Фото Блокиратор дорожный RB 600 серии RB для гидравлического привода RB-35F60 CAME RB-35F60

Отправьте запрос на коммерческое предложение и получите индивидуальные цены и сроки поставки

□ □ □ □ □ □ □

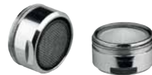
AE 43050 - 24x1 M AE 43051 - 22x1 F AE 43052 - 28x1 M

□ □ □ □ □ □ □

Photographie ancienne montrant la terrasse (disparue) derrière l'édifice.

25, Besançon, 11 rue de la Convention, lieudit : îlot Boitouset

□ □ □ □ □ □ □

• [Exercise description] Restate word for word the entries above from the line with "Фото Блокиратор дорожный" through the line with "Отправьте запрос на", inclusive, leaving out everything else.

• [Written response]
Фото Блокиратор дорожный RB 600 серии RB для гидравлического привода RB-35F60 CAME RB-35F60

Отправьте запрос на коммерческое предложение и получите индивидуальные цены и сроки поставки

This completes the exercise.